--- YOUR GOAL ---
Every line below needs to be printed again exactly, without any of its pictures.
================
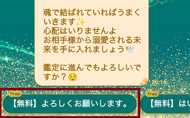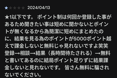 この10文字毎の単価はこちらからの送信の文章、それに鑑定士や占い師からの返信を開く時に必要となります。返信が長文になるので、まとまったポイントが必要となります。口コミで最低評価のコメントを投稿されている方は無料で見れると思ったのに鑑定結果にはまとまったポイントが必要になるので、ここで否定的な評価を下しています。
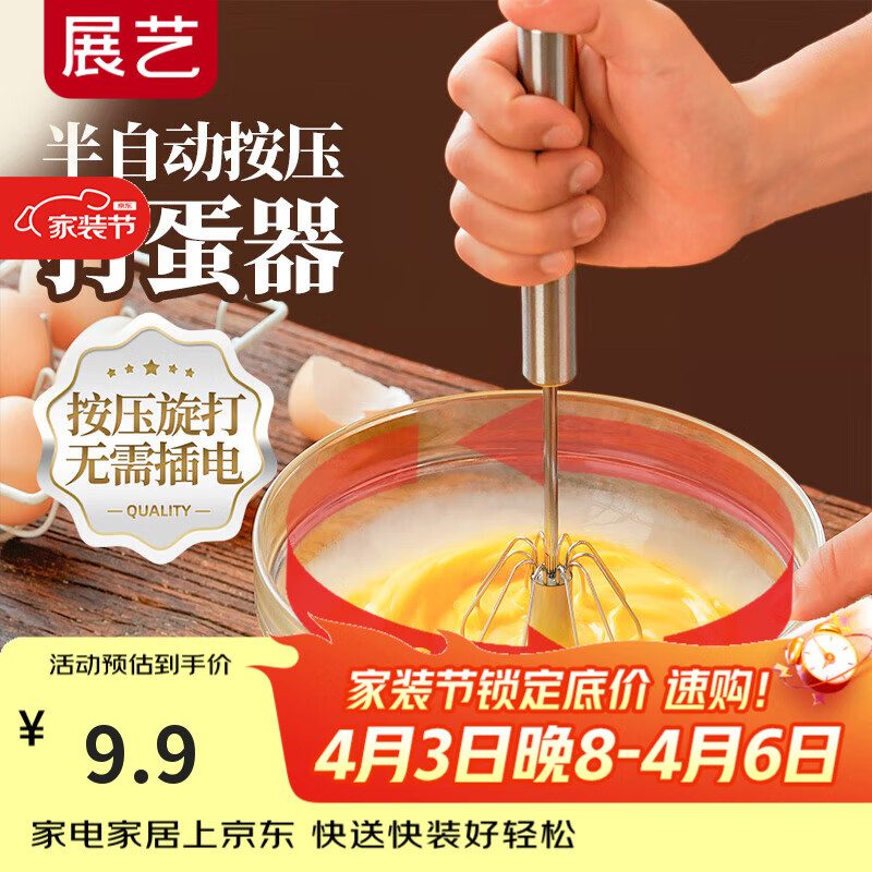 展艺手动半自动按压打蛋器辅食工具电饭煲蛋糕面包露营不锈钢搅蛋器
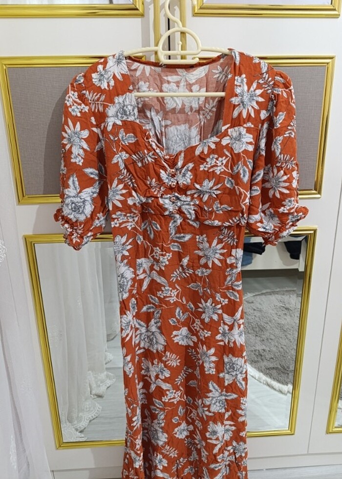 M beden midi boy yırtmacı daha derin ben elle dikerek kısa yirtmac bırakmistim açabilirsiniz hic bir sorun yok balon kol göğüsleriniz küçük ise biraz bol kalabilir göz önünde bulundurun.
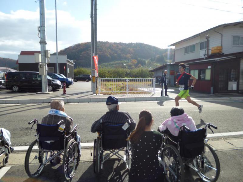 第64回西村山地区駅伝競走大会が開催されました。朝日町の創遊館前がスタート(9:00)です。前日の夜から朝方まで雨でしたが、スタート時間には日が差して気持ちの良い天気になりましたので、施設前の沿道で応援ができました。応援席の目の前を走るので、入居者の皆さんは選手が通るたびに「がんばれー」と声を出して応援しました。
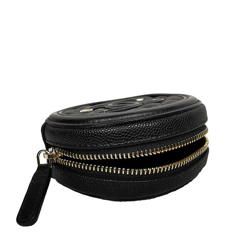 首頁 > 箱包配飾 > 香奈兒 > 【包郵包稅】CHANEL/香奈兒經典黑色魚子紋小牛皮雙C縫紋拉鍊圓形零錢包
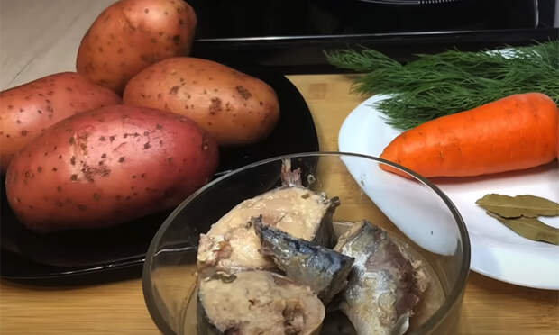Наваристую уху приготовить можно и из доступной рыбной консервы — в нашем варианте это скумбрия в масле, но подойдет и почти любая другая. Такая база делает бульон плотным, маслянистым, с выраженным вкусом. Основу дополняет картофель крупной нарезки и зажарка из моркови и лука, суп варится почти сам по себе, достаточно просто сложить все ингредиенты в кастрюлю.
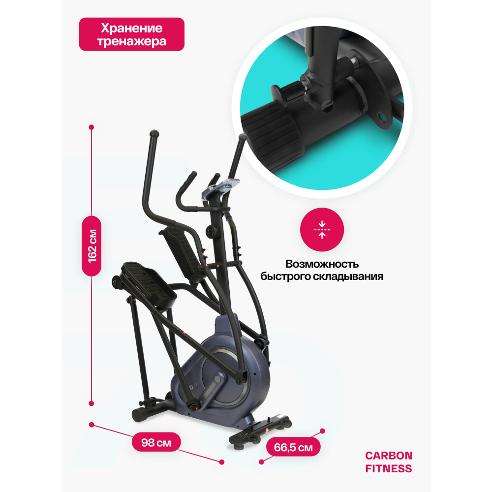 Этот тренажер — не только мощный инструмент для фитнеса, но и стильное решение для дома. Компактные размеры и складная конструкция (всего 98x65,5x162 см в сложенном виде) делают его идеальным выбором даже для небольших помещений. Мягкие поручни с эргономичным дизайном и антискользящие педали обеспечат комфорт и безопасность на каждом этапе вашей тренировки.
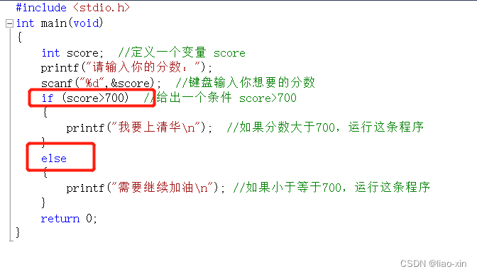 if (score>700) //给出一个条件 score>700
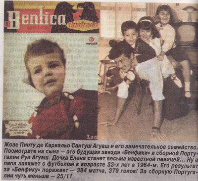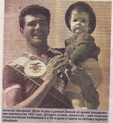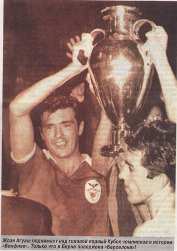Продолжая рассказ о великих футболистах имеющих свои корни в Анголе. Хотел бы остановиться на “Великом Капитане”, как называют его сами португальские болельщики Бенфики. Он приложил свою ногу к первому крупному успеху португальских клубов на евроарене, добыв Кубок Чемпионов. Итак….. В начале 1959\1960 в стане «орлов» обьявилась будующая легенда «Бенфики» Жозе Аугушту. Его футбольный взлет был прямым как стрела. Он родился в Баррейро, его отец играл за «Баррейренсе» и когда понял что сын тоже хочет стать футболистом, был просто счастлив. Он отправил маленького Жозе в родной клуб, и сынуля поначалу делил свою любовь между футболом и баскетболом. Уже 17-летнего Аугушту поставили перед выбором. Он выбрал футбол. Жозе дебютировал в сезоне 1954\55 с сразу стал любимцем публики. С юниорской сбрной Португалии он поехал на турнир в Рим, и после этого за ним начала охотиться «Фиорентина». Главной несправедливостью начавшейся так хорошо футбольной жизни он считал домашний матч против «Спортинга» в 1956 году. Их предупредили – «Спортингу» нужны очки, и «вы же знаете, кто покровительствует «львам»?!» (считалось, что диктатор Португалии Салазар болельщик «Спортинга»). Аугушту сделал в этой игре хет-трик, но один из его мячей не был засчитан, и «Спортинг» победил.  Вскоре все игровые переживания отошли на второй план. Тяжело заболел отец, нужны были деньги на лечение, и молодое дарование готово былоуйти в ту команду, которая больше заплалтит. 25 августа 1959 года Аугушту подписал контракт с «Бенфикой». Больше всего его впечатлило то, что «орлы», в отличие от других, предлагавших не меньше, а то и больше («Порту»), еще до подписания сообщили парню: «Счет за лечение отца уже оплачен. Теперь поговорим?» Уже первого сентября Аугушту в красной футболке «Бенфики» вышел на игру. Цвет футболки, в конце концов, такой же, как и у его родного «Баррейренсе»…. Он очень долго шел к этой цели. Агуаш родился в Анголе. Его отец Рауль подался туда в поисках заработка, да так и застрял. Жозе рано лишился матери, и отец, забрав сына из школы, устроил тогда 15-летнего парня помошником в представительство(так теперь это называется) «Форда». То есть он считался секретарем директора. В свободное от работы время Агуаш гонял мяч и мечтал стать таким же забивалой, как его кумир «бенфикиста» Рожериу. Предания гласят, что после завоевания Латинского Кубка «орлы» приехали в Анголу отдохнуть и сыграть пару показательных игр с местными. (Не пару, а 15, и и продолжалосб это с 25 июля по 4 сентября, на секундочку! «Бенфика» побывала в Анголе, Трансинваале, всяких Конго… И хронисты гордо говорят – да, мы приграли чемпионам с треском, уступив «Спортингу» 15 очков, но зато мы встретили в Анголе охотника на львов, в свободное время поигрывавшего в футбол… Жозе Агуаша, и это было гораздо важнее, чем какой-то там чемпионат страны! Команде Лобито «Бенфика» проиграла 1:3, и два из трех мячей забил белый парень, которого звали Жозе Агуаш. Руководители приезжих записали фамилию, и пообещали вызвать, если понадобится.  Агуаш взял отпуск, использовал разовый бесплатный проезд в метрополию и отправился в Португалию. В «Бенфике» его взяли к себе, только когда узнали, что толковым хлопцем интересуются «Порту». Молва всегда бежит впереди…. Агуаш играл и забивал при Эдварде Смите, и при Рибейру душ Рейше. Он был любимцем (
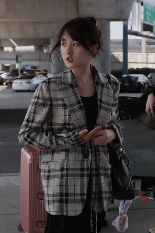 照片的宋祖儿身穿咖啡色格纹西装,款式是比较常规的,没有过多的修饰,除了咖啡色与黑色的拼接撞色让西装显得不同。宋祖儿外套里内搭了一件黑色露脐背心,脖子上带着小吊坠,给西装与黑色的沉闷中增加了一点柔色,很有女人味。宋祖儿的下半身穿着黑色运动裤,裤腿紧实的包裹着小腿,腿部线条立刻展现出来,脚上还搭了一双小白鞋,整体给人的感觉又A又飒还有点小女人的味道。
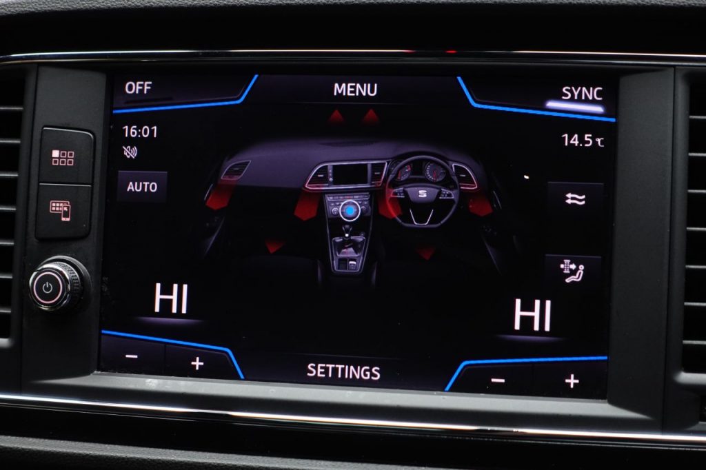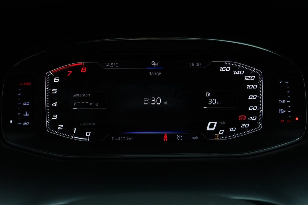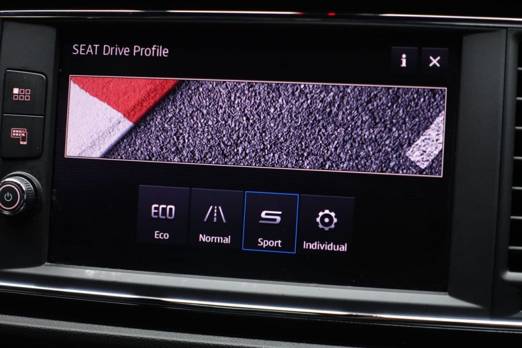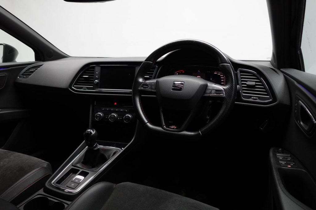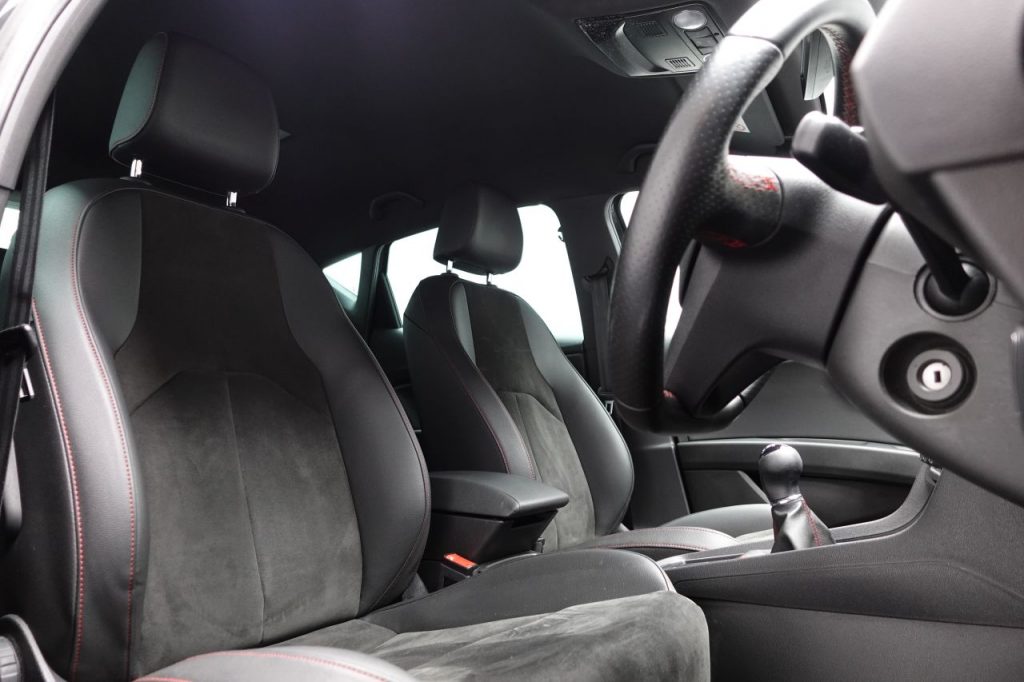 Other features: Armrest – Front with Storage Compartment,Black Interior Roof Lining,Convenience Pack Plus,Digital Cockpit,Driver and Passenger Seat Height Adjustment,Driver and Passenger Sunvisor with Covered and Illuminated Mirrors,Drivers Seat Lumbar Adjustment,Dual Zone Climate Control,Front Seat Back Storage Pockets,Front Sports Seats,Illuminated Aluminium Front Door Sill with Trim Logo,Instrument Lighting with Brightness Control,Leather Gear Knob,LED Interior Illumination Pack,Multi Coloured Ambient Lighting,Seats – Passenger Lumbar Adjustment,Split Folding Rear Seats 60-40 with Armrest,Steering Wheel – Flat-Bottomed Perforated Leather with Red Stitching and FR Logo,Storage Box Under Driver and Front Passenger Seat,Two Height-Adjustable Front and Rear Headrests,Winter Pack 18in Alloy Wheels – Performance Matte 30-2,Bumpers – Exclusive FR Front and Rear,Dark Tinted Rear Windows,Electrically Adjustable Folding and Heated Door Mirrors,Emergency Tyre Repair Kit,Front and Rear Electric Windows,Matte Black Door Mirrors with Integrated LED Indicators,Radiator Grille Frame in Matte Black,Radiator Grille in Black,Visual Twin Exhaust Pipes 7 Airbags,ABS and Traction Control System – TCS – Electronic Stability Control – ESC – and Electronic Differential Lock System – XDS,Alarm – Volumetric,Cruise Control,Digital Clock,Electric Parking Brake Including Autohold Function,Front and Rear Parking Sensors,Front Assist with Pedestrian Protection,Gearshift Indicator,ISOFIX Points in Outer Rear Seats with Top Tether Anchorage Points,Low Fuel Warning Light,Multi-Collision Braking System,Outside Temperature Gauge,RPM Counter,SEAT Drive Profile,Seatbelt Reminder – Front,Trip Computer,Tyre Pressure Monitoring System Electro-Mechanical Progressive Power Steering,Full LED Headlights,Lights Left On Warning Buzzer,Microsuede Sports Seats – Black with Red Stitching,Midnight Black,Sports Suspension
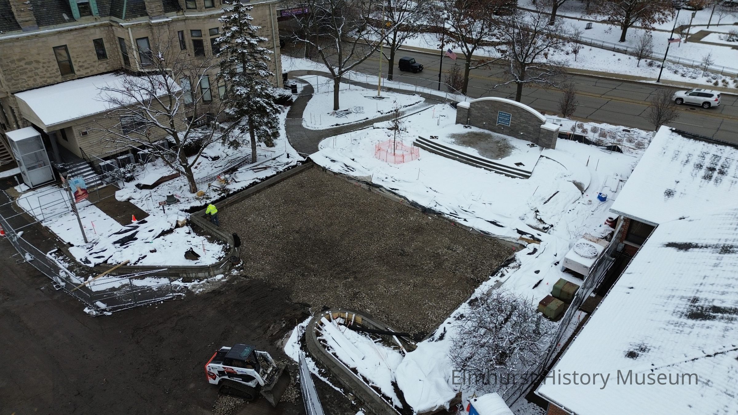 Aerial view of the unfinished performance space area between the Elmhurst History Museum and the EHM Education Center.Photograph Details
================
--- WRITTEN ANSWER ---
 この10文字毎の単価はこちらからの送信の文章、それに鑑定士や占い師からの返信を開く時に必要となります。返信が長文になるので、まとまったポイントが必要となります。口コミで最低評価のコメントを投稿されている方は無料で見れると思ったのに鑑定結果にはまとまったポイントが必要になるので、ここで否定的な評価を下しています。
 展艺手动半自动按压打蛋器辅食工具电饭煲蛋糕面包露营不锈钢搅蛋器
 M beden midi boy yırtmacı daha derin ben elle dikerek kısa yirtmac bırakmistim açabilirsiniz hic bir sorun yok balon kol göğüsleriniz küçük ise biraz bol kalabilir göz önünde bulundurun.
 第64回西村山地区駅伝競走大会が開催されました。朝日町の創遊館前がスタート(9:00)です。前日の夜から朝方まで雨でしたが、スタート時間には日が差して気持ちの良い天気になりましたので、施設前の沿道で応援ができました。応援席の目の前を走るので、入居者の皆さんは選手が通るたびに「がんばれー」と声を出して応援しました。
 首頁 > 箱包配飾 > 香奈兒 > 【包郵包稅】CHANEL/香奈兒經典黑色魚子紋小牛皮雙C縫紋拉鍊圓形零錢包
Наваристую уху приготовить можно и из доступной рыбной консервы — в нашем варианте это скумбрия в масле, но подойдет и почти любая другая. Такая база делает бульон плотным, маслянистым, с выраженным вкусом. Основу дополняет картофель крупной нарезки и зажарка из моркови и лука, суп варится почти сам по себе, достаточно просто сложить все ингредиенты в кастрюлю.
 Этот тренажер — не только мощный инструмент для фитнеса, но и стильное решение для дома. Компактные размеры и складная конструкция (всего 98x65,5x162 см в сложенном виде) делают его идеальным выбором даже для небольших помещений. Мягкие поручни с эргономичным дизайном и антискользящие педали обеспечат комфорт и безопасность на каждом этапе вашей тренировки.
 if (score>700) //给出一个条件 score>700
Продолжая рассказ о великих футболистах имеющих свои корни в Анголе. Хотел бы остановиться на “Великом Капитане”, как называют его сами португальские болельщики Бенфики. Он приложил свою ногу к первому крупному успеху португальских клубов на евроарене, добыв Кубок Чемпионов. Итак….. В начале 1959\1960 в стане «орлов» обьявилась будующая легенда «Бенфики» Жозе Аугушту. Его футбольный взлет был прямым как стрела. Он родился в Баррейро, его отец играл за «Баррейренсе» и когда понял что сын тоже хочет стать футболистом, был просто счастлив. Он отправил маленького Жозе в родной клуб, и сынуля поначалу делил свою любовь между футболом и баскетболом. Уже 17-летнего Аугушту поставили перед выбором. Он выбрал футбол. Жозе дебютировал в сезоне 1954\55 с сразу стал любимцем публики. С юниорской сбрной Португалии он поехал на турнир в Рим, и после этого за ним начала охотиться «Фиорентина». Главной несправедливостью начавшейся так хорошо футбольной жизни он считал домашний матч против «Спортинга» в 1956 году. Их предупредили – «Спортингу» нужны очки, и «вы же знаете, кто покровительствует «львам»?!» (считалось, что диктатор Португалии Салазар болельщик «Спортинга»). Аугушту сделал в этой игре хет-трик, но один из его мячей не был засчитан, и «Спортинг» победил.  Вскоре все игровые переживания отошли на второй план. Тяжело заболел отец, нужны были деньги на лечение, и молодое дарование готово былоуйти в ту команду, которая больше заплалтит. 25 августа 1959 года Аугушту подписал контракт с «Бенфикой». Больше всего его впечатлило то, что «орлы», в отличие от других, предлагавших не меньше, а то и больше («Порту»), еще до подписания сообщили парню: «Счет за лечение отца уже оплачен. Теперь поговорим?» Уже первого сентября Аугушту в красной футболке «Бенфики» вышел на игру. Цвет футболки, в конце концов, такой же, как и у его родного «Баррейренсе»…. Он очень долго шел к этой цели. Агуаш родился в Анголе. Его отец Рауль подался туда в поисках заработка, да так и застрял. Жозе рано лишился матери, и отец, забрав сына из школы, устроил тогда 15-летнего парня помошником в представительство(так теперь это называется) «Форда». То есть он считался секретарем директора. В свободное от работы время Агуаш гонял мяч и мечтал стать таким же забивалой, как его кумир «бенфикиста» Рожериу. Предания гласят, что после завоевания Латинского Кубка «орлы» приехали в Анголу отдохнуть и сыграть пару показательных игр с местными. (Не пару, а 15, и и продолжалосб это с 25 июля по 4 сентября, на секундочку! «Бенфика» побывала в Анголе, Трансинваале, всяких Конго… И хронисты гордо говорят – да, мы приграли чемпионам с треском, уступив «Спортингу» 15 очков, но зато мы встретили в Анголе охотника на львов, в свободное время поигрывавшего в футбол… Жозе Агуаша, и это было гораздо важнее, чем какой-то там чемпионат страны! Команде Лобито «Бенфика» проиграла 1:3, и два из трех мячей забил белый парень, которого звали Жозе Агуаш. Руководители приезжих записали фамилию, и пообещали вызвать, если понадобится.  Агуаш взял отпуск, использовал разовый бесплатный проезд в метрополию и отправился в Португалию. В «Бенфике» его взяли к себе, только когда узнали, что толковым хлопцем интересуются «Порту». Молва всегда бежит впереди…. Агуаш играл и забивал при Эдварде Смите, и при Рибейру душ Рейше. Он был любимцем (
 照片的宋祖儿身穿咖啡色格纹西装,款式是比较常规的,没有过多的修饰,除了咖啡色与黑色的拼接撞色让西装显得不同。宋祖儿外套里内搭了一件黑色露脐背心,脖子上带着小吊坠,给西装与黑色的沉闷中增加了一点柔色,很有女人味。宋祖儿的下半身穿着黑色运动裤,裤腿紧实的包裹着小腿,腿部线条立刻展现出来,脚上还搭了一双小白鞋,整体给人的感觉又A又飒还有点小女人的味道。
 Other features: Armrest – Front with Storage Compartment,Black Interior Roof Lining,Convenience Pack Plus,Digital Cockpit,Driver and Passenger Seat Height Adjustment,Driver and Passenger Sunvisor with Covered and Illuminated Mirrors,Drivers Seat Lumbar Adjustment,Dual Zone Climate Control,Front Seat Back Storage Pockets,Front Sports Seats,Illuminated Aluminium Front Door Sill with Trim Logo,Instrument Lighting with Brightness Control,Leather Gear Knob,LED Interior Illumination Pack,Multi Coloured Ambient Lighting,Seats – Passenger Lumbar Adjustment,Split Folding Rear Seats 60-40 with Armrest,Steering Wheel – Flat-Bottomed Perforated Leather with Red Stitching and FR Logo,Storage Box Under Driver and Front Passenger Seat,Two Height-Adjustable Front and Rear Headrests,Winter Pack 18in Alloy Wheels – Performance Matte 30-2,Bumpers – Exclusive FR Front and Rear,Dark Tinted Rear Windows,Electrically Adjustable Folding and Heated Door Mirrors,Emergency Tyre Repair Kit,Front and Rear Electric Windows,Matte Black Door Mirrors with Integrated LED Indicators,Radiator Grille Frame in Matte Black,Radiator Grille in Black,Visual Twin Exhaust Pipes 7 Airbags,ABS and Traction Control System – TCS – Electronic Stability Control – ESC – and Electronic Differential Lock System – XDS,Alarm – Volumetric,Cruise Control,Digital Clock,Electric Parking Brake Including Autohold Function,Front and Rear Parking Sensors,Front Assist with Pedestrian Protection,Gearshift Indicator,ISOFIX Points in Outer Rear Seats with Top Tether Anchorage Points,Low Fuel Warning Light,Multi-Collision Braking System,Outside Temperature Gauge,RPM Counter,SEAT Drive Profile,Seatbelt Reminder – Front,Trip Computer,Tyre Pressure Monitoring System Electro-Mechanical Progressive Power Steering,Full LED Headlights,Lights Left On Warning Buzzer,Microsuede Sports Seats – Black with Red Stitching,Midnight Black,Sports Suspension
 Aerial view of the unfinished performance space area between the Elmhurst History Museum and the EHM Education Center.Photograph Details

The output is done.